Pas top, le nouveau film de David Mckenzie (Young Adam, Asylum). Le cinéaste semble tellement fier de tenir un sujet en or – récit adolescent sous turbo adapté d’un roman à succès – que ça chauffe au point de sentir très vite le roussi. Dès le générique de début, entre animation bouffonne et fantaisie british colorée (entendez : bonbon acidulé qui vous barbouille l’estomac en deux temps trois mouvements), le ton est donné : auto-satisfait au possible, plein d’un entrain et d’un contentement stylistique dont la présence de Jamie Bell (Billy Elliott) annonce aussitôt les limites. C’est que McKenzie se la joue David Gordon Green façon L’Autre rive (où Bell était justement à son sommet), dans un style indépendant formaté et tape-à-l’oeil d’où peine à s’extirper le point de départ d’un scénario entre Tom Sawyer et Sueurs froides pour moutards : un drame familial, meurtre ou suicide de la mère d’Hallam Foe, entraîne la fugue du petit héros vers Edimbourg, où il découvrira l’amour en la personne d’un sosie de sa maman chérie. Marée de glucose à l’horizon, donc.

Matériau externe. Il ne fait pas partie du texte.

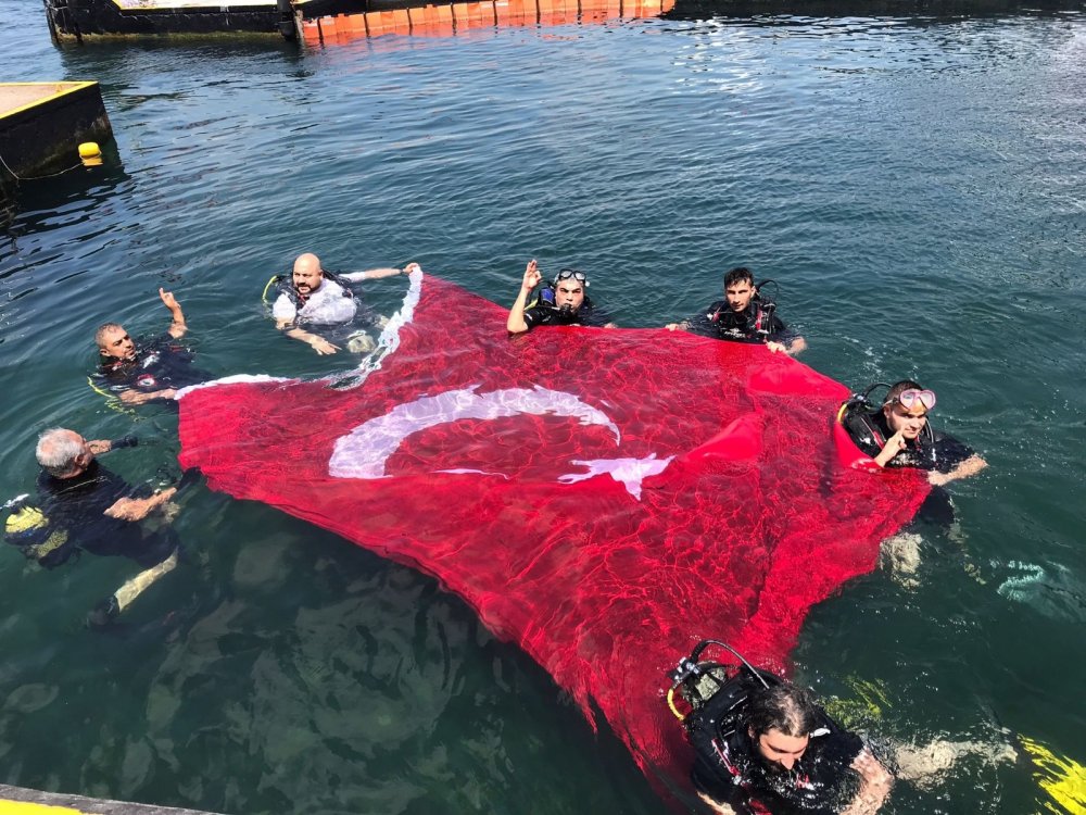 Görme engelli Hamza Demir ise "Bugün biz rahat yaşayalım diye birileri ailelerinden vazgeçti. Kimileri gazi, kimileri şehit oldu. Biz onların anısına bir şeyler yapmaya çalıyoruz. Onların yaptığı fedakarlık karşısında yaptığımız bizim hiçbir şey. Bugün burada '15 Temmuz'da bayrağımızı indirmeye çalıştılar ama biz bugün su altında bayrak açıyoruz. Başarılı olamadılar' mesajı veriyoruz" diye konuştu.

A imposer son style vague (et pourtant très péteux) sans jamais trouver de temporalité qui lui serait propre, Hallam Foe ressemble à un livre illustré sans charme, suite mécaniques de rebondissements faussement retors et souvent très blaireaux – bref, tout ce que le travail d’adaptation peut offrir de plus vermoulu. A son avantage, le film brosse un portrait rêche et sans nostalgie aucune de l’adolescence, bien éloigné du double écueil du genre : la rébellion discount ou la soumission misérabiliste. Mais c’est pour mieux se vautrer dans un petit monde lisse et artificiel où pas un geste, pas un événement n’échappe à la psychanalyse de magazine féminin qui filtre toute la mise en scène de McKenzie. Cela donne quelques séquences distordues et parfois même un joli sentiment d’hallucination molle (le voyeurisme de Foe qui avale tout sur son passage, le personnage démoniaque du petit boss), mais aussi une brocante d’effets cheaps et de fautes de goût qui bouchent toute perspective. De Billy Elliott à August rush en passant par ce Hallam Foe, plus de doute : il faut en finir avec ce sirop à la Dickens décidément plein de grumeaux.